Kids, don't try this at home.
Mini has lived the dream for 20 years and doesn't want it to end. A former plumber's apprentice from Mudgee, Mini abandoned the tools as a teenager after discovering the tricks he had taught himself as a kid riding BMX could translate to a living as a professional motorbike rider. After winning competitions, Mini took a job riding at a Chinese amusement park, honing his technique.
Back in Australia he was recruited by the Showtime Yamaha FMX Team, going on to join the famed Crusty Demons Tour. These days, home is the extreme sports cavalcade that is the Nitro Circus.
"I always wanted to do shows rather than competitions," Mini said. "For me, competitions are boring, one guy doing his jumps the another guy doing the same jumps. With the shows, you get 10 guys out on the floor at once and the entertainment value is phenomenal. That's why the Nitro Circus format is so successful, it's non-stop and it's full-on."
Every show is new and the stunts a product of trial and error - a lot of error if the broken bone tally is anything to go by.

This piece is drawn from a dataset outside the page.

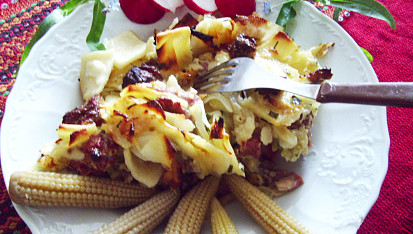 Domácí fleky zapečené s mletým masem, nivou a kapustou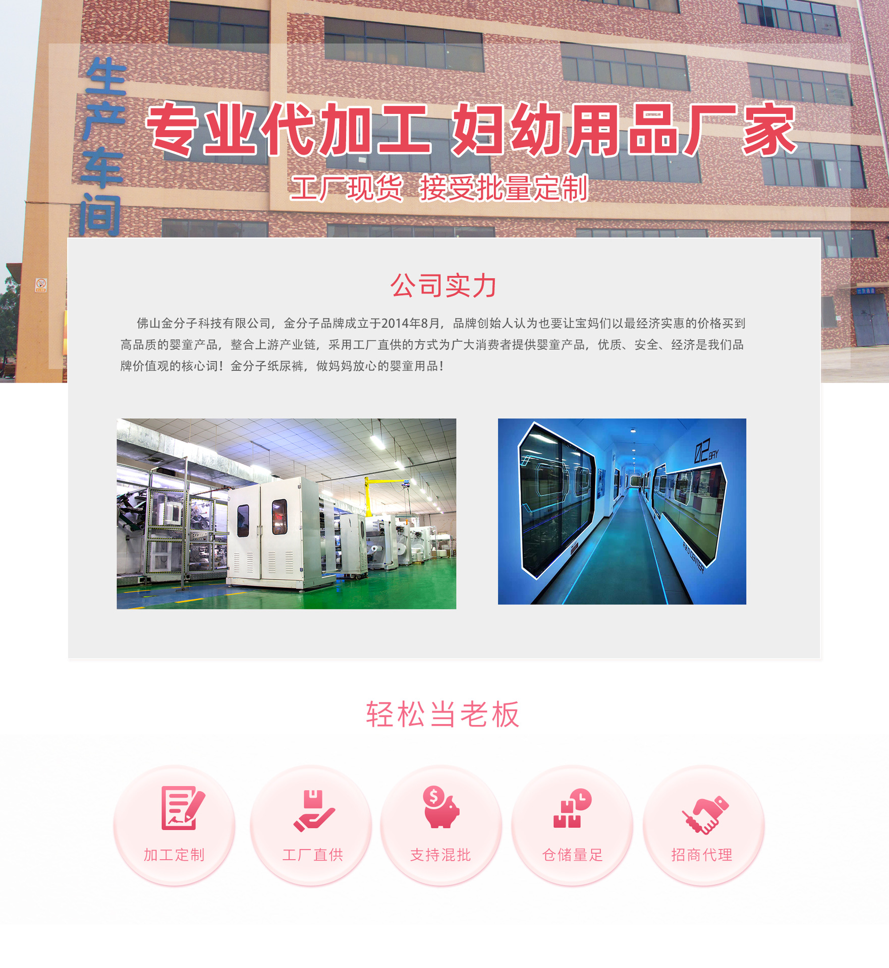 佛山歐品佳衛生用品有限公司,是一家研發和生產紙尿褲的行業 展望未來,歐品佳公司將繼續堅持"以人為本"的企業精神,堅持 "做好為市場著想、為產品服務"的客戶理念,塑造企業文化、吸引更多有經驗的人才,緊貼市場,加大研發投入,著力開發更多好品質的產品,提升我們的服務,將以積極、健康、向上的心態,將企業做大、做強、做精,實現""的企業目標,成就"歐品佳"品牌的!本公司是歐品佳哺育科技旗下的電商公司,公司以紙尿褲研發、定制、批發、網絡銷售等業務為主,2014年9月份推出的金分子系列紙尿褲,品質,經濟實惠的價格,良好的客戶體驗,贏得了市場的一致好評,淘寶網店月銷量達到200萬片以上,歡迎各位新老客戶前來接洽合作!

They are also the product of constant practice - a necessity in what is, despite the jocularity about injuries, an extremely safety conscious sport. For Mini, that means a couple of practice sessions every day until he goes out on tour, and for the Nitro Circus crew it means precise measurements of each venue so they know if the dimensions allow each and every stunt to be performed.
"We had amazing crowds in New Zealand last time so we're really looking forward to coming back," Mini said.

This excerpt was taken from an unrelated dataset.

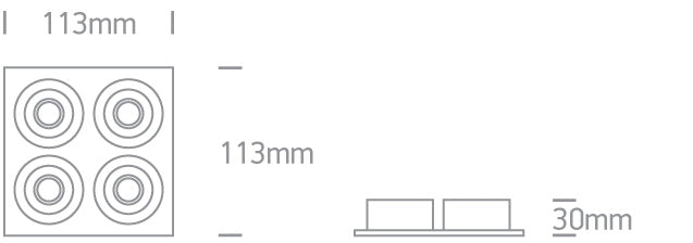 4x1W LED adjustable recessed spot, mini series range, IP20.

"Dunedin was one of our best crowds . . . the new stadium will be great as indoor shows always create a great atmosphere. For the people who went last time, it will be even better. For us, we'll also be able to ride better because we won't have to worry about the weather and can give it 110 per cent. It will be the best show of the tour, I'd say."
Nitro Circus Live, Forsyth Barr Stadium, Dunedin, January 25.